**YOUR INSTRUCTIONS:**
Leave the pictures out, and transcribe the material below exactly from the line with "2. If the installation" to the line with "en cada calada!", both lines included.

**RECORDS FOR THE EXERCISE:**
────────────────
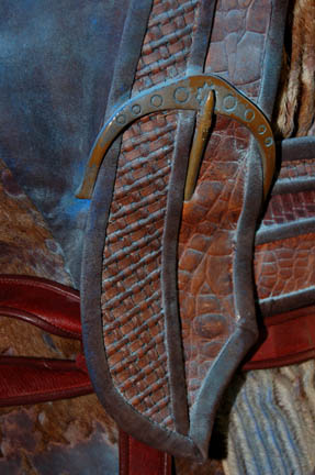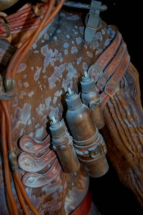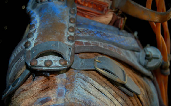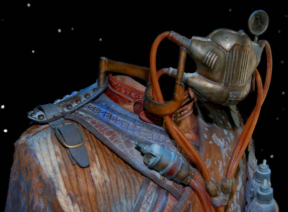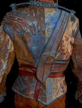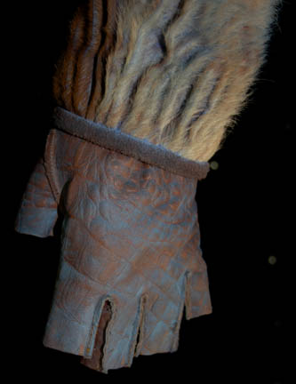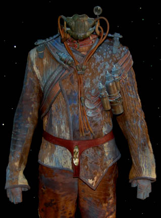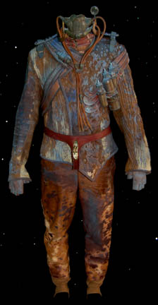 Description: This impressive costume was made for use by the “Alien Foreman” (Stephen McHattie) in the Star Trek: Enterprise episode “The Xindi”. The foreman ran a trillium mine and had to use an inhaler to breath since his lungs were destroyed by the toxic fumes from the mines. “Captain Archer” (Scott Bakula) was searching for a Xindi believed to be in the mine however the foreman refused without half a liter of platinum in return. His costume includes a sleeveless jumpsuit made of brown leather and fur with a fabric top section and an attached fur dickie. Parts of the leather are dyed blue. The collar has two straps with buckles to go around the neck. The jacket is made of ribbed fur and leather also with parts of the leather dyed blue. Attached to the jacket are leather straps and buckles. Three metal bottles painted to match the rest of the costume are on the front with tubes that connect with a faux valve. The valve has a tube that connects to a faux breathing mask and monocle. The breathing apparatus attaches the jacket with snaps on the shoulders. The costume is complete with a leather belt and corresponding fingerless gloves. Costume comes complete with costume tag.
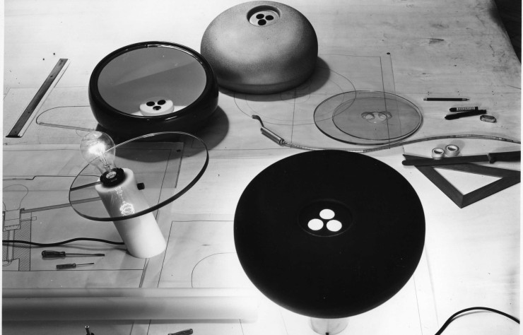 Les Castiglioni veulent que leur bel objet soit aussi pratique et ergonomique. Ainsi, l’abat-jour émaillé n’est pas simplement décoratif : il est conçu pour diriger la lumière de façon optimale, tout en évitant tout éblouissement. Les trois trous d’aération situés au sommet ne sont pas là par hasard non plus : ils rappellent la disposition des trous d’une boule de bowling, mais servent avant tout à dissiper la chaleur de l’ampoule.
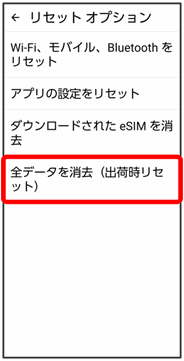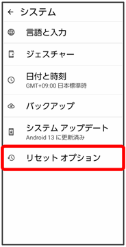 | リセット オプション | ネットワーク設定のリセットやアプリの設定のリセット、初期状態にリセットができます。 |
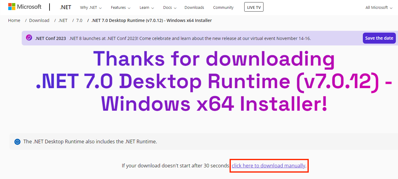 2. If the installation does not begin automatically, click on the manual download button on the same page.
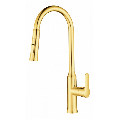 Diseño de Lujo: Grifería de cocina MAGLIO con un acabado dorado brillante, ideal para cocinas de alto nivel y espacios elegantes. Su diseño estilizado y profesional añade un toque de sofisticación a cualquier cocina.
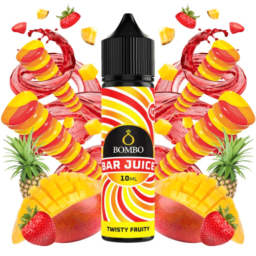 ¡Prueba ahora el Aroma Twisty Fruity 10ml Longfill Bombo Bar Juice y déjate llevar por un remolino de sabor tropical en cada calada!
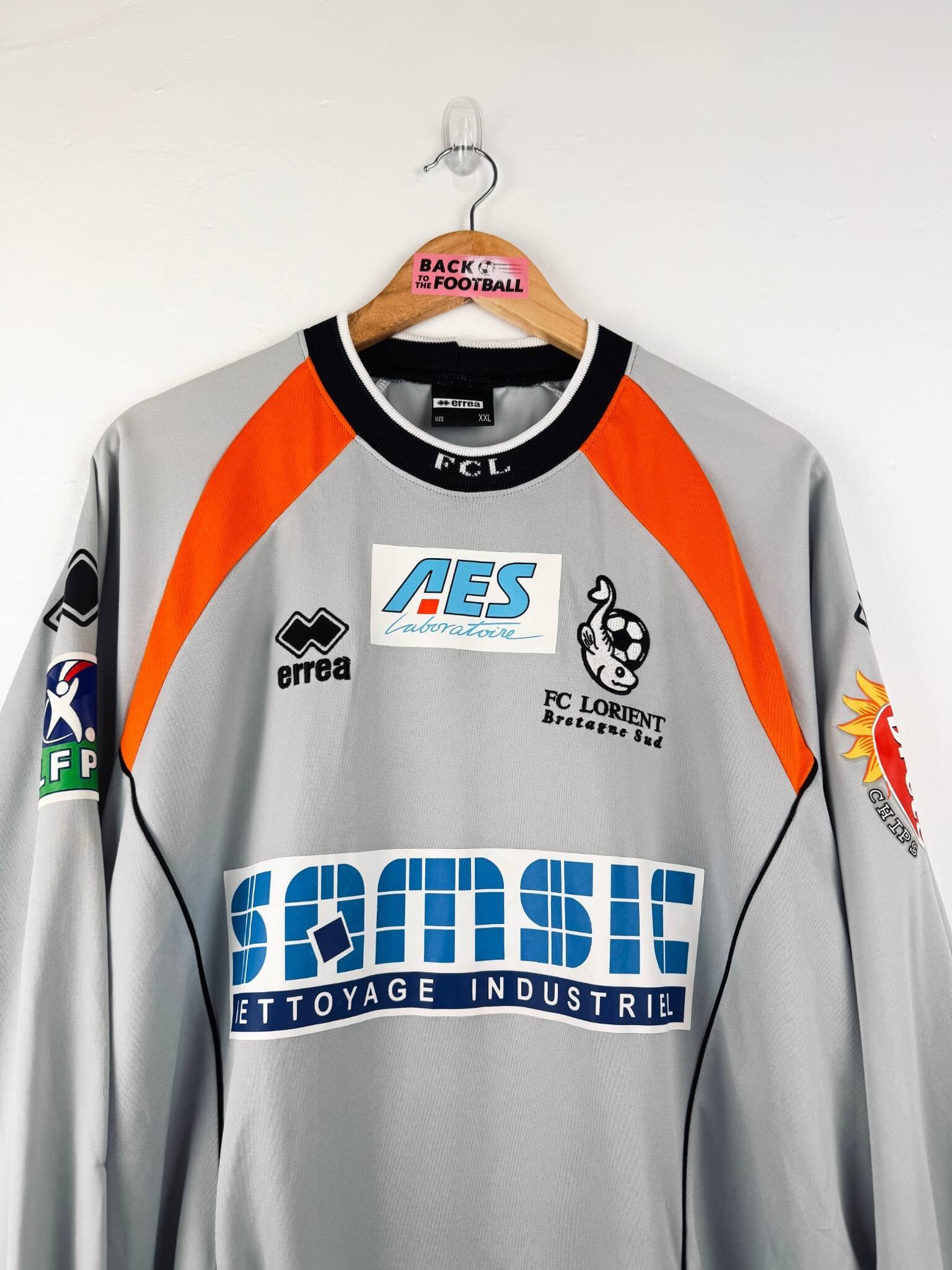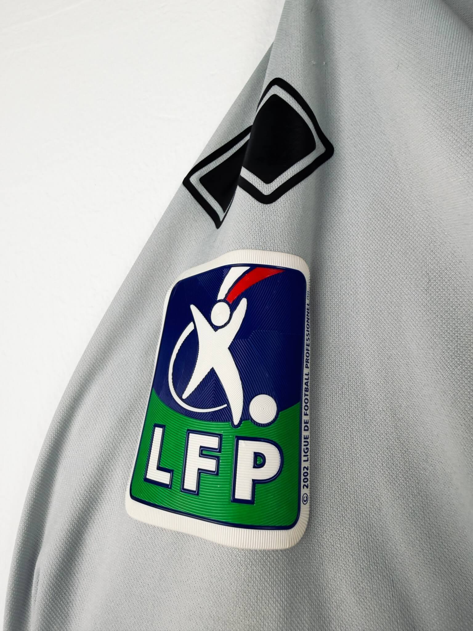 Le maillot : maillot vintage third de Lorient 2003/2004 porté (match worn) par Bedrossian #10 : manches longues, patch LFP, full sponsors. L’écusson et le logo Errea sont brodés, les sponsors sont floqués. Joli maillot rétro de Lorient !
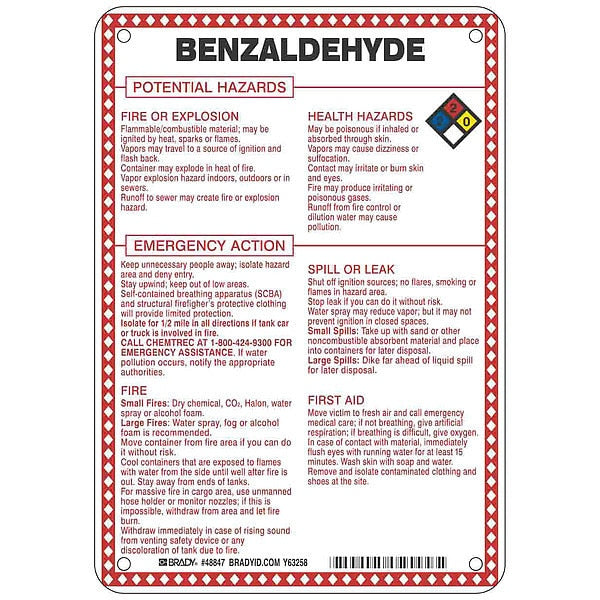 SKU G5834753Categories SafetyDescription Chemical Sign, Benzaldehyde Potential Hazards, Fiberglass, Height 10 in, Width 7 in, Header No Header, Legend Style Symbol and Text, Language English, Mounting Style Surface, Thickness 0.1 in, Sign Shape Rectangle, Operating Temp. Range -40 Degrees to 194 Degrees F, Retroreflective Grade Not RetroreflectivegraingerSKU: 41F458, mscSKU: , zoro_no: G5834753, mongo_id: 65bbe99f22d7a989a9969507
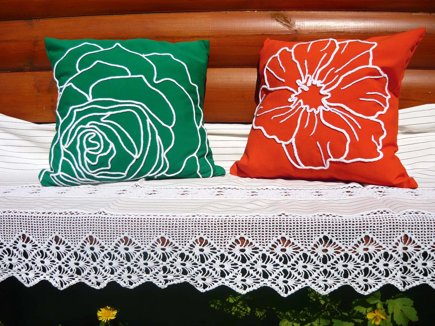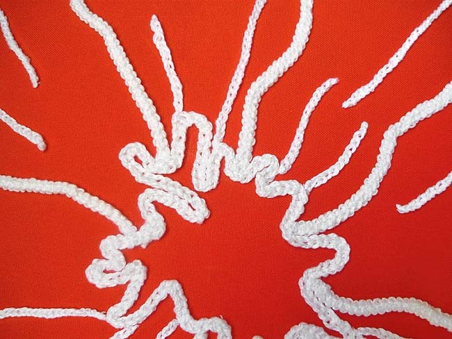 4. Выполняем рисунок на оранжевой подушке. Здесь, наряду с «гусеничкой», используй более тонкий шнурок – обычную цепочку из воздушных петель. Широкий шнур-«гусеничку» применяй для оконтуривания лепестков цветка.
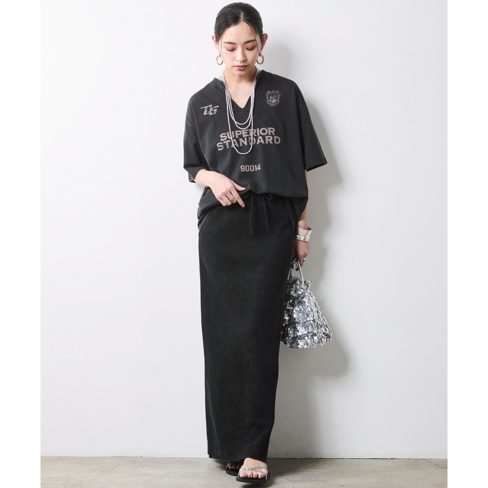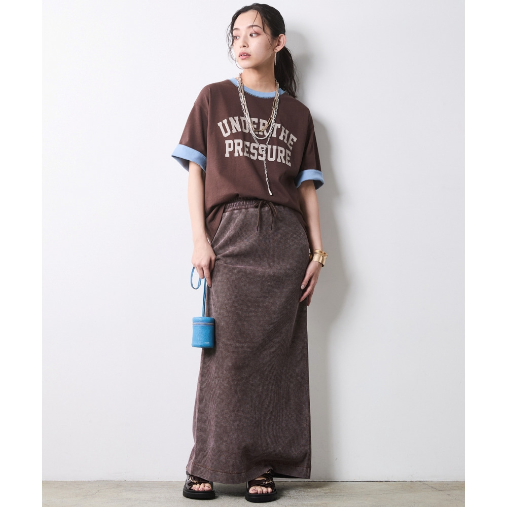 カレッジロゴやグラフィックTとも相性が良く、スカートのタイトなシルエットがカジュアルさを程よく中和してくれます。
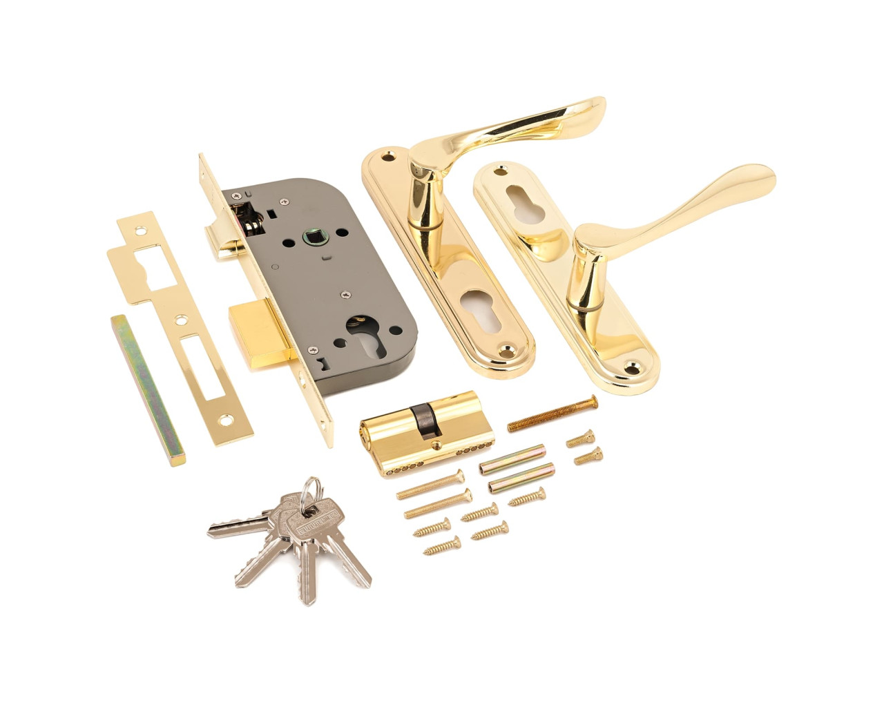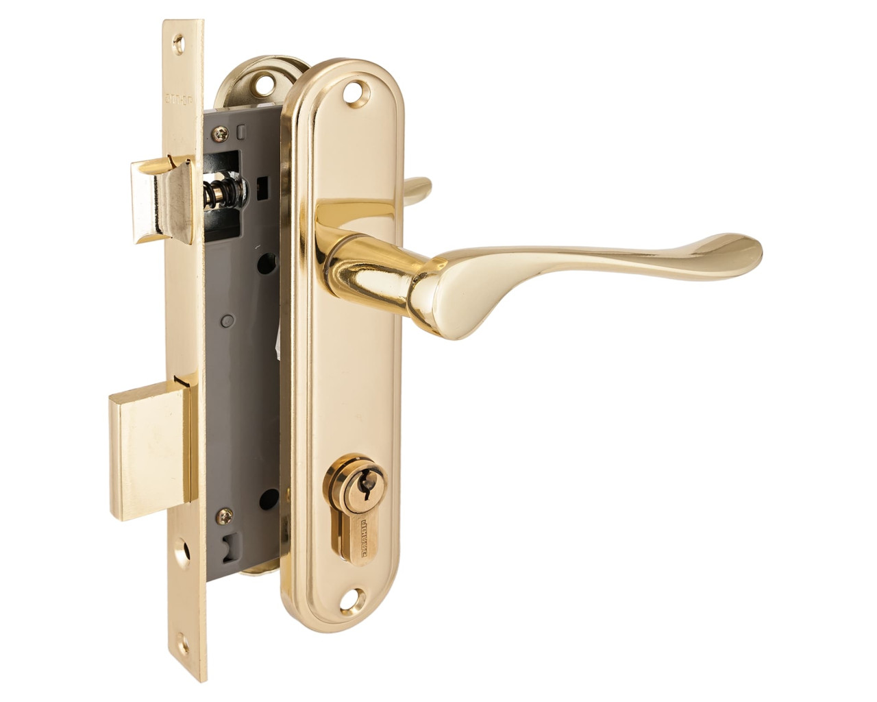 Замок врезной с комплектом ручек на планке. Предназначен для установки в деревянные двери толщиной 35 - 40 мм, правого и левого открывания. Материал ручки - алюминиевый сплав. Материал планки - сталь. Покрытие комплекта ручек: гальваническое, многослойное. Стальной корпус. Покрыт полимерной краской. Межосевое расстояние - 70 мм, бэксет - 40 мм. Комплектация: цинковый механизм с латунным ротором длиной 60 мм, секретность - 4500 комбинаций, 5 английских ключей, ответная планка, квадрат 8х8 мм, винтовые стяжки, саморезы. Класс замка по ГОСТ - 1.
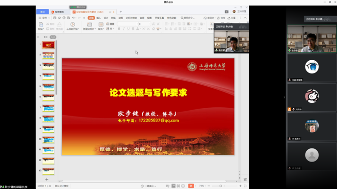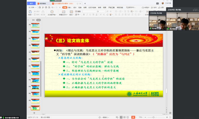 继第一次本科论文竞赛动员及专项辅导会议选题会议之后,为进一步提高学院学生的论文质量和写作水平。2020年7月22日上午10:00beat365唯一官网以线上腾讯会议的形式举行了第二次本科论文专项辅导讲座,本次讲座由耿步健副院长主讲,思想政治教研室刘君莉老师主持,2017、2018、2019思政本科专业全体同学参加了此次讲座。
────────────────
**RESPONSE BELOW:**
 2. If the installation does not begin automatically, click on the manual download button on the same page.
 Diseño de Lujo: Grifería de cocina MAGLIO con un acabado dorado brillante, ideal para cocinas de alto nivel y espacios elegantes. Su diseño estilizado y profesional añade un toque de sofisticación a cualquier cocina.
 ¡Prueba ahora el Aroma Twisty Fruity 10ml Longfill Bombo Bar Juice y déjate llevar por un remolino de sabor tropical en cada calada!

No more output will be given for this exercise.